Dirty Beaches is the solo project of Taiwan native Alex Zhang Hungtai. It's interesting to note his origin, because when listening to Badlands it's easy to forget you're listening to a man of Taiwanese descent, and not the offspring of say-- Roy Orbison or Ian Curtis. Badlands is essentially his first proper album after a series of admirable, but limited LPs and cassettes on smaller labels. Hungtai appropriately tones down the caustic elements of his preceding work resulting in Badlands; an atmospheric set of hauntingly saturated lo-fi, fluently balancing a fine line between experimental abrasiveness and hallucinogenic pop.
Throughout most of Badlands, vintage guitar loops dwell in its vignette of ghostly 50s parlour shops and oil stations. The first three tracks all utilize that quality to accent their subtle rhythms. Opener "Speedway King" gradually revolves a series of fragmented machine loops under a steamy drone, before a train blows loudly in the distance; allowing the rest of the album access through its spectral railway. "Horses" guides that cold, repetitive nature through a friendlier route, until the album's grooviest-- "Sweet 17"-- tightly rides a 60s surf riff, evoking drowsy polaroids of sun-soaked beaches. Hungtai croons his dusty pipes throughout these songs, and for the most part he's indecipherable; achieving a consistent phantom-like status in the process.

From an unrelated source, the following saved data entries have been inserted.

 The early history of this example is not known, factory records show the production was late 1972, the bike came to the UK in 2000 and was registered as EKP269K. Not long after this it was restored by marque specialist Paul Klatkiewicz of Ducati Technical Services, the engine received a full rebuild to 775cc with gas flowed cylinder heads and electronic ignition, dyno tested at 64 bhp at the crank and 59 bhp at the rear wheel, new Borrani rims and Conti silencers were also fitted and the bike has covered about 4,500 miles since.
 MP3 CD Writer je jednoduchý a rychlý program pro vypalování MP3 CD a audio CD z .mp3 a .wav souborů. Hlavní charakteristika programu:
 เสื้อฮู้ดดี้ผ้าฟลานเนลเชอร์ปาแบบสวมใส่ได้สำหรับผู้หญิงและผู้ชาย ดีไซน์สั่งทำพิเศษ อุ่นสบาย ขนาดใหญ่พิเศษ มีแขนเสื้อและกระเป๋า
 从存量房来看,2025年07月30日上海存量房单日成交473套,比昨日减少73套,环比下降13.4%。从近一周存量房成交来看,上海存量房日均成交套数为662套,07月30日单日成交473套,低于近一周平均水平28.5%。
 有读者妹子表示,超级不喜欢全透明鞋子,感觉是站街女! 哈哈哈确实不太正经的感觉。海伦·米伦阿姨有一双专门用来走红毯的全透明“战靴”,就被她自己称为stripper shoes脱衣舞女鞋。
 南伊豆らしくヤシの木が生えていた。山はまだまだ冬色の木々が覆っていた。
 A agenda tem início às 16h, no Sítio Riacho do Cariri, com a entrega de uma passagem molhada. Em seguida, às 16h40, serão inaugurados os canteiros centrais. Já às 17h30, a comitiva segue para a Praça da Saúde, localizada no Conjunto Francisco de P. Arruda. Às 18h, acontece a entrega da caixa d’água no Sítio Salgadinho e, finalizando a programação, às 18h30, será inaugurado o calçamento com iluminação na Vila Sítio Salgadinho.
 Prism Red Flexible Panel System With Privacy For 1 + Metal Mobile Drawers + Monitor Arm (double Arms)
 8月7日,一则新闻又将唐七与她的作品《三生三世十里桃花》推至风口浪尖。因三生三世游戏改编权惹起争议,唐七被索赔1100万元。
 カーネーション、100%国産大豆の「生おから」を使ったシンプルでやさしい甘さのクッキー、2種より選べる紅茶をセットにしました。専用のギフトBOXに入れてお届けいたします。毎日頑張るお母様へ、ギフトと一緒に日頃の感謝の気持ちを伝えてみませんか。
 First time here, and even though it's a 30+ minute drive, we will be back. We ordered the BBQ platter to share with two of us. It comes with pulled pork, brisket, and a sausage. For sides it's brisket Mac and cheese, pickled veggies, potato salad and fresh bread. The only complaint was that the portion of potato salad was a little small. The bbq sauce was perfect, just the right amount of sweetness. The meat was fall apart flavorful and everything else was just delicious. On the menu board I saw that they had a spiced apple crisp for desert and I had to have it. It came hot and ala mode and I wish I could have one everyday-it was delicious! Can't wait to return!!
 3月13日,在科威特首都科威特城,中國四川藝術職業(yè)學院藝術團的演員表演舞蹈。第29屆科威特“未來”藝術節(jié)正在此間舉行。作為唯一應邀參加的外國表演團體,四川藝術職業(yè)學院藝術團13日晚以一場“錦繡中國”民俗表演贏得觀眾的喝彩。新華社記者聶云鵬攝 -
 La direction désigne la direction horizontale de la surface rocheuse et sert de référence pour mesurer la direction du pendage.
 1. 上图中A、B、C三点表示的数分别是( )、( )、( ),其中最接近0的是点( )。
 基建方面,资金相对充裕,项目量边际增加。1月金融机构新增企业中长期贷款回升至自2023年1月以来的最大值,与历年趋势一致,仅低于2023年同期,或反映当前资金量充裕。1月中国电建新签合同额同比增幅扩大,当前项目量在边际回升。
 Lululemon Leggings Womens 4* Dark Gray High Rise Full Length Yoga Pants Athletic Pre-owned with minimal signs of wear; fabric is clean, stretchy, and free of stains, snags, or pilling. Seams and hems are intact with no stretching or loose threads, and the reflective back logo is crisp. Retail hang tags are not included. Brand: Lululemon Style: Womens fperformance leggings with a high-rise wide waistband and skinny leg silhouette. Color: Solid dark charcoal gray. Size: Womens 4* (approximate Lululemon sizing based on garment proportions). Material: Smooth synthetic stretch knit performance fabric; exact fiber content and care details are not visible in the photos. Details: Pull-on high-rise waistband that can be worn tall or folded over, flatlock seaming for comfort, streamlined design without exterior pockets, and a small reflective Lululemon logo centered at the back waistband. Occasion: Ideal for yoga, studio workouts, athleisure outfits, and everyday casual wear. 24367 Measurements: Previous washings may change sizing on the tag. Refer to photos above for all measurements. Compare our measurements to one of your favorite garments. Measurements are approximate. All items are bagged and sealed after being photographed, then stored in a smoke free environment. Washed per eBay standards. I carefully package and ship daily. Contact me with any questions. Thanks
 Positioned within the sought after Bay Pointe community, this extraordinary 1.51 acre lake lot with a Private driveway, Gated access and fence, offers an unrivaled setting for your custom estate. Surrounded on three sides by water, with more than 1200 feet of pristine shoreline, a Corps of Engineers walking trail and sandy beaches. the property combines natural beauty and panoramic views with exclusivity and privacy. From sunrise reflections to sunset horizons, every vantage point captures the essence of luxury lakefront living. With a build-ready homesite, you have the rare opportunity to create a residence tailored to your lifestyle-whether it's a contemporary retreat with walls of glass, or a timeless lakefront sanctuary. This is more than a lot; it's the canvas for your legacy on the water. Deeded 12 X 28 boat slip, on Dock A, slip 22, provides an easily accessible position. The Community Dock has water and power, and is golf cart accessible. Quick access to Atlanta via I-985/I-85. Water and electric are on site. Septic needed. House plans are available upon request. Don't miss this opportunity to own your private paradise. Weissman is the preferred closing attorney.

The album is most effective near the end of its relatively short run time, on the tracks "True Blue" and "Lord Knows Best". These are somewhat different entities compared to the often unsettling nature of the tracks that surround them. "Lord Knows Best" features an innocent sounding piano melody as Hungtai grieves lost love, sorrow, and forgiveness, until a subtle harmony mends the distress to a haunting melancholy. It's the kind of song the credits roll to. Although, the most overwhelming moment on the album is "True Blue", where Hungtai sounds as if he's tributing the rolling landscapes of lost highways, as Elvis rises from the dead to preform one last set; in a smoky, velvet-furnished lounge for a few deserving fans.
Badlands is an extremely promising album; securing a sense of excellence to come from Dirty Beaches in the future. The only thing holding the album back is a couple of its instrumentals; which sound like directionless experiments that don't to fully satisfy. Though these tracks as a whole work together effectively, each track pacing fluently into the next. At its core, Badlands is an album completely encased around its atmosphere; that thick haze of sentimental lust. Its varying moods throughout manage to melt into an equally gratifying impression of sorrow and reflection. In thought-- there's a man in the distance, behind the smoky veiled nostalgia and his foggy perspective, gray as night; he asks for acceptance, in an ever-confusing world.